### [Problem to work on]
Print all the data that follows exactly, images excluded.

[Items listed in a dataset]
# # # #

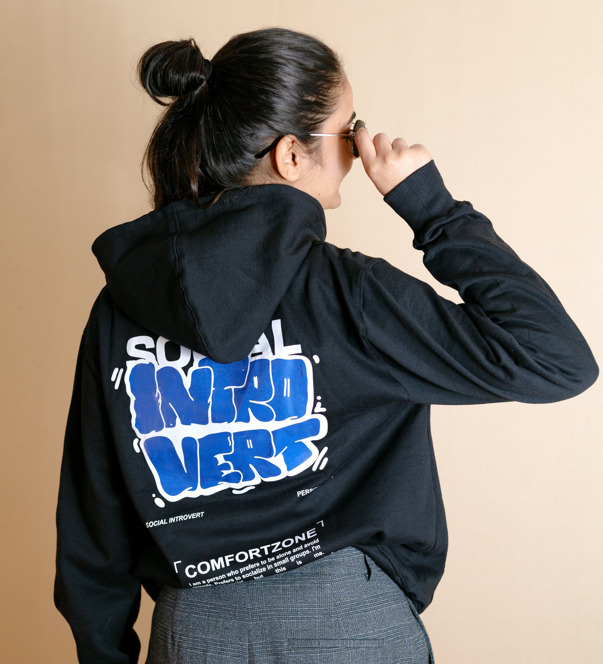 - Our 5’6ft tall female model is wearing a Size S for oversized fit.
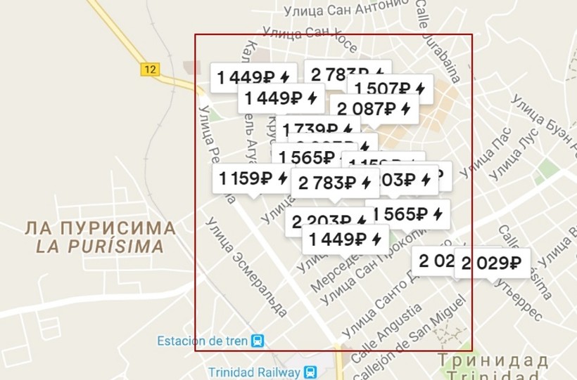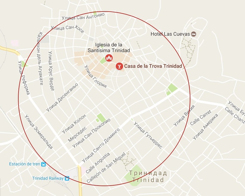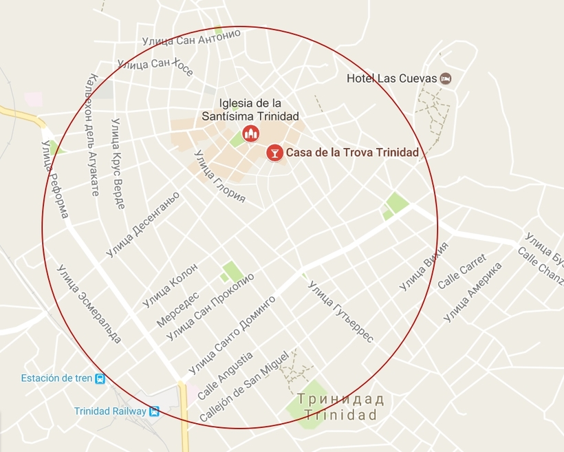 Тринидад — очень маленький город. Больше всего вариантов размещения находится на участке между главной площадью и ж/д вокзалом.
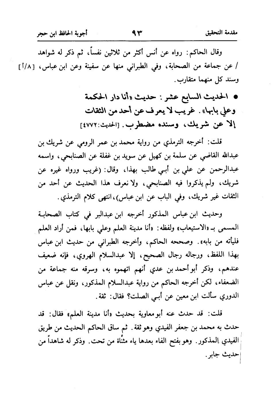 • الحديث السابع عشر: حديث "أنا دار الحكمة وعلي بابها". غريب لا يعرف عن أحد من الثقات إلا عن شريك، وسنده مضطرب. [الحديث: 4772]
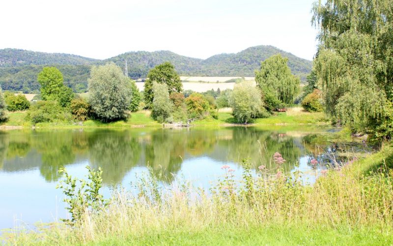 Von dem südlich ausgerichteten Balkon und vom Schlafzimmer haben Sie einen wunderschönen Ausblick in die Natur des Leineberglands und den an das Grundstück angrenzenden Angelteich.
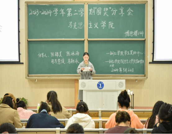 为帮助我院学子更好地规划学业,提升学习能力,彰显“国奖”获得者的榜样力量,2024年3月22日晚上,我院在博思楼104举办2023-2024学年第二学期“国奖”分享会。本次分享会邀请了我院22级陈锦美,21级陈冰雨、20级司马慧媛、马勋永四位国家励志奖学金获得者做经验交流分享,由我院20级蒙富英主持,全体22级和23级学生参与。
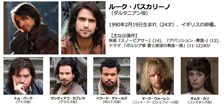 ポン・ジュノ監督の『スノーピアサー』(’14)公開時に、ホームページやプレスにクレジットされていないにも関わらず、「あのイケメンは誰!?」と話題となった新鋭・ルーク・パスカリーノ。日本でも「マスケティアーズ/三銃士」配信がスタートし、SNSなどで「イケメン!」などの投稿が急増。さらにメディアでのイケメン特集などでも取り上げられ、ブレイク必至。
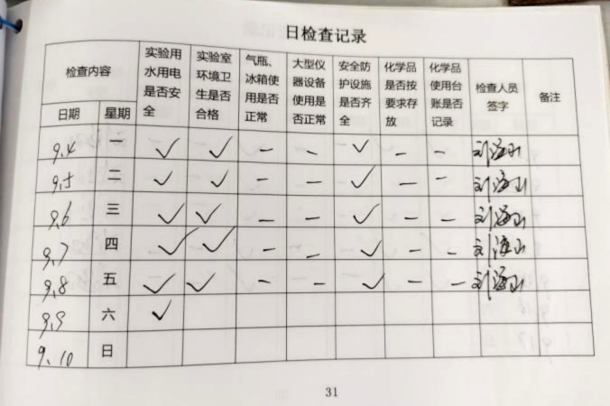 实验中心将安全第一的思想贯穿于日常工作的始终,把安全生产作为一项长期的重点工作落实,科学制定检查计划,明确检查要点,认真安排好每日、每两周、每月安全检查,坚决不走过场。持续做好实验室风险源统计,落实好相应的整改措施。
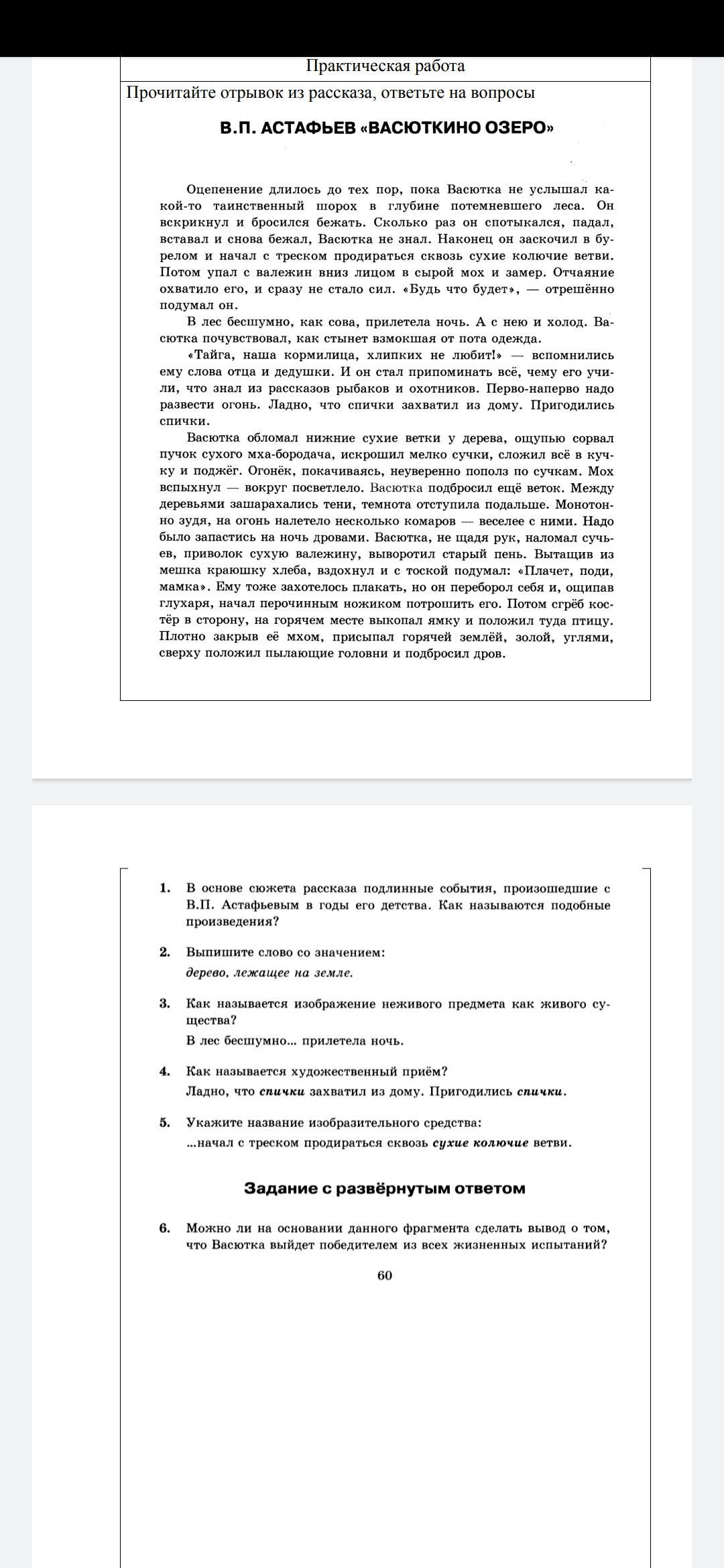 6. Васютка сумел перебороть свой страх, собрался с мыслями - впомнил наставления отца. Потом принял решение, обустроил себе ночлег, приготовил и запас еду. Он сумеет преодолеть все трудности, справится с жизненными испытаниями, ведь у него есть воля, навыки выживания, смелость и житейская мудрость.
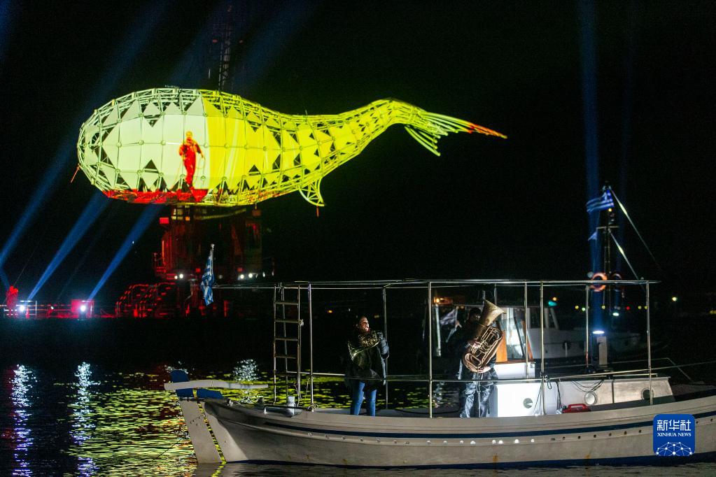 2月4日,在希臘雅典西部的埃萊夫西斯,人們在船上演奏音樂(lè ),慶祝2023“歐洲文化之都”活動(dòng)開(kāi)啟。
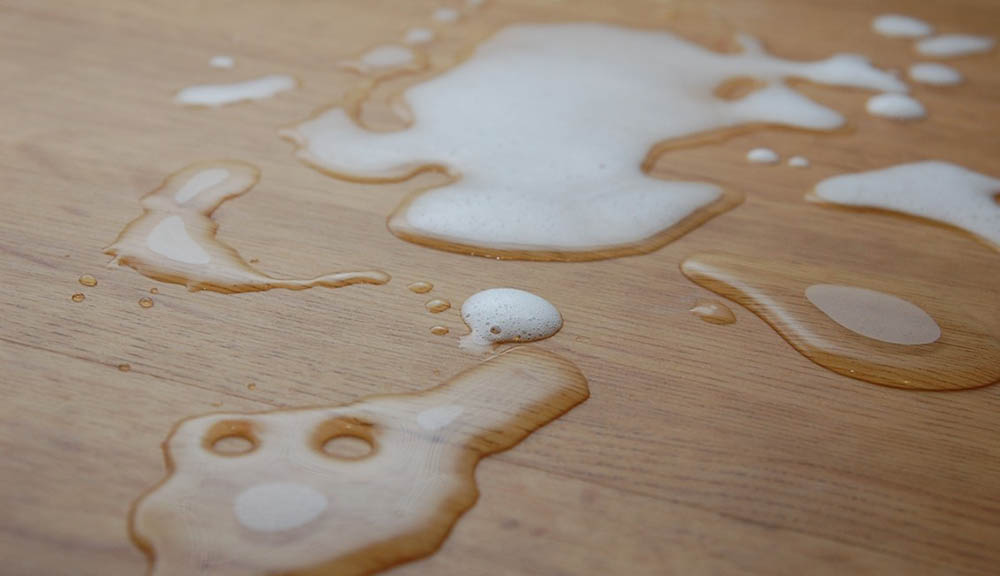 - Блокировать влагодоступ к торцам и подложке покрытия напольного типа. Пролитая вода или потекшая стиралка на неводостойком полу из ламината будут не страшны. Поверхность лицевого типа у всех ламелей защищается полиэфирной или полиуретановой пленкой, а стыки блокируются особым клеем-герметиком для ламината.

# # # #

### [Exercise output]
 - Our 5’6ft tall female model is wearing a Size S for oversized fit.
 Тринидад — очень маленький город. Больше всего вариантов размещения находится на участке между главной площадью и ж/д вокзалом.
 • الحديث السابع عشر: حديث "أنا دار الحكمة وعلي بابها". غريب لا يعرف عن أحد من الثقات إلا عن شريك، وسنده مضطرب. [الحديث: 4772]
 Von dem südlich ausgerichteten Balkon und vom Schlafzimmer haben Sie einen wunderschönen Ausblick in die Natur des Leineberglands und den an das Grundstück angrenzenden Angelteich.
 为帮助我院学子更好地规划学业,提升学习能力,彰显“国奖”获得者的榜样力量,2024年3月22日晚上,我院在博思楼104举办2023-2024学年第二学期“国奖”分享会。本次分享会邀请了我院22级陈锦美,21级陈冰雨、20级司马慧媛、马勋永四位国家励志奖学金获得者做经验交流分享,由我院20级蒙富英主持,全体22级和23级学生参与。
 ポン・ジュノ監督の『スノーピアサー』(’14)公開時に、ホームページやプレスにクレジットされていないにも関わらず、「あのイケメンは誰!?」と話題となった新鋭・ルーク・パスカリーノ。日本でも「マスケティアーズ/三銃士」配信がスタートし、SNSなどで「イケメン!」などの投稿が急増。さらにメディアでのイケメン特集などでも取り上げられ、ブレイク必至。
 实验中心将安全第一的思想贯穿于日常工作的始终,把安全生产作为一项长期的重点工作落实,科学制定检查计划,明确检查要点,认真安排好每日、每两周、每月安全检查,坚决不走过场。持续做好实验室风险源统计,落实好相应的整改措施。
 6. Васютка сумел перебороть свой страх, собрался с мыслями - впомнил наставления отца. Потом принял решение, обустроил себе ночлег, приготовил и запас еду. Он сумеет преодолеть все трудности, справится с жизненными испытаниями, ведь у него есть воля, навыки выживания, смелость и житейская мудрость.
 2月4日,在希臘雅典西部的埃萊夫西斯,人們在船上演奏音樂(lè ),慶祝2023“歐洲文化之都”活動(dòng)開(kāi)啟。
 - Блокировать влагодоступ к торцам и подложке покрытия напольного типа. Пролитая вода или потекшая стиралка на неводостойком полу из ламината будут не страшны. Поверхность лицевого типа у всех ламелей защищается полиэфирной или полиуретановой пленкой, а стыки блокируются особым клеем-герметиком для ламината.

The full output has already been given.